TASK DIRECTIONS - Please copy, word for word, the line holding "Wide-shoulder square collar" and each line that follows it through the end of the entries, omitting any pictures.
[RECORDS FOR PROCESSING — start]
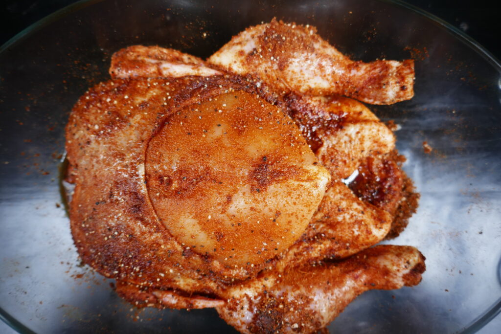 Kom kyllingen i en stegeso eller lignende. Gnid kyllingen godt med rubben, både udvendig og indvendig, også under skindet. Lad kyllingen trække med rubben i 3 – 4 timer.
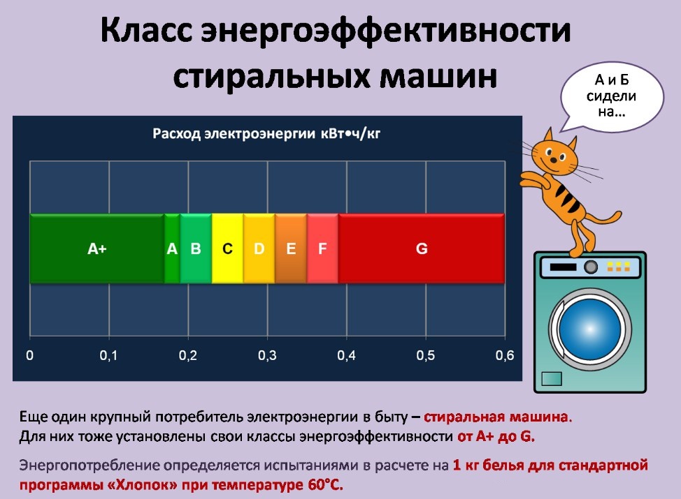 La consommation d'électricité des équipements de classe A +++ est de 0,5-0,6 kW / h. Ces classes sont calculées et indiquées séparément dans les spécifications techniques pour les modes de lavage et d'essorage.
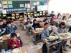 2学期最後の給食は,二小ちゃんたちも大好きなカレーライスですみんなで美味しくいただきました
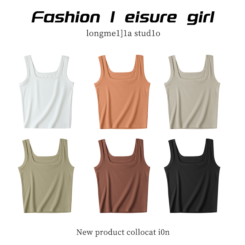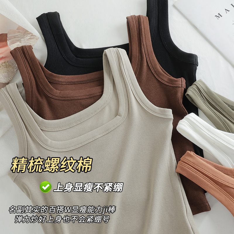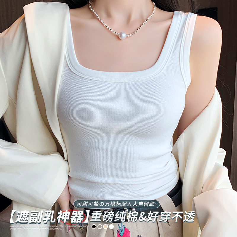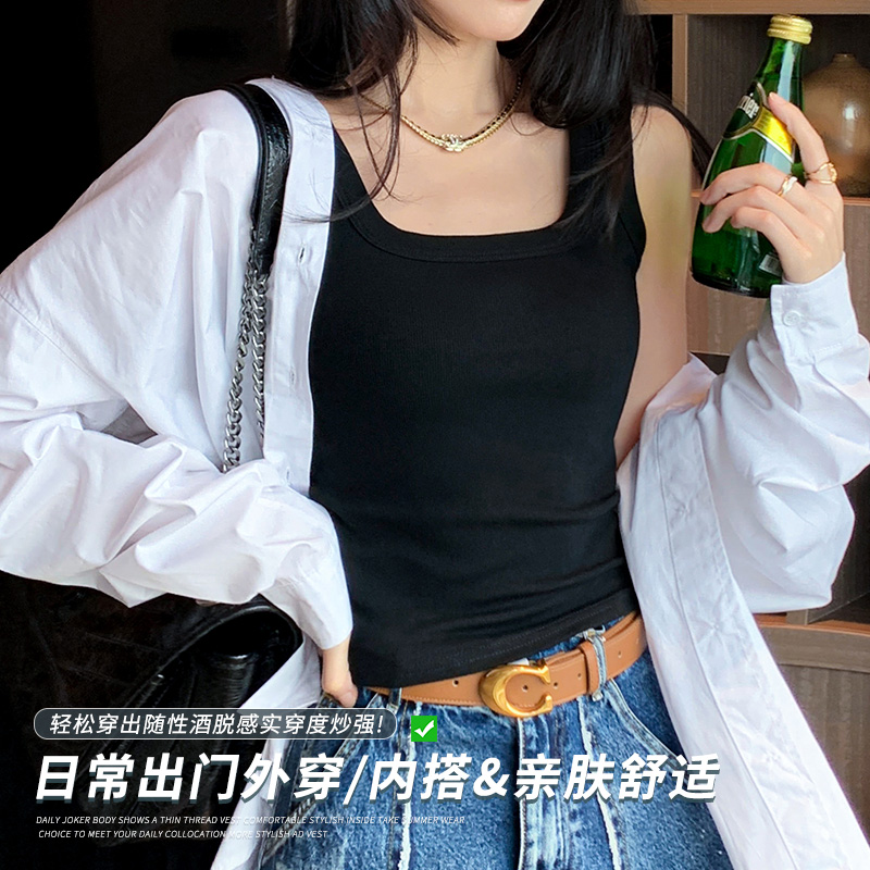 Wide-shoulder square collar camisole women's inner wear summer 2023 new black and white I-shaped cover breasts outer wear bottoming top
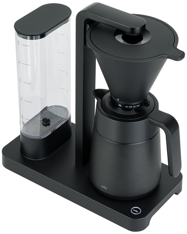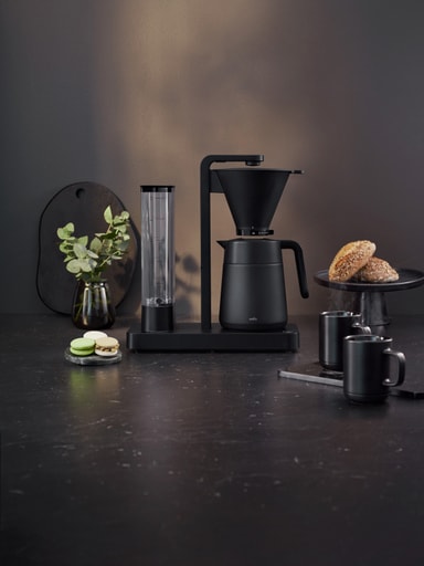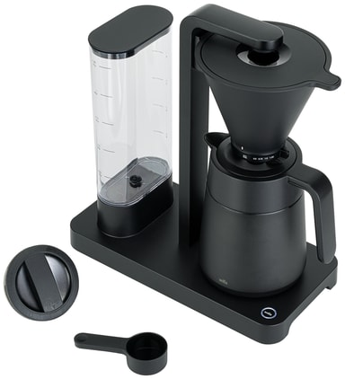 Med apparaten får du en termoskanna som både kan bryggas direkt i och tas med på vägen. Dess lock har 3 öppenhetsnivåer för rengöring, servering och förvaring.
[RECORDS FOR PROCESSING — finish]
WRITTEN RESPONSE -
 Wide-shoulder square collar camisole women's inner wear summer 2023 new black and white I-shaped cover breasts outer wear bottoming top
 Med apparaten får du en termoskanna som både kan bryggas direkt i och tas med på vägen. Dess lock har 3 öppenhetsnivåer för rengöring, servering och förvaring.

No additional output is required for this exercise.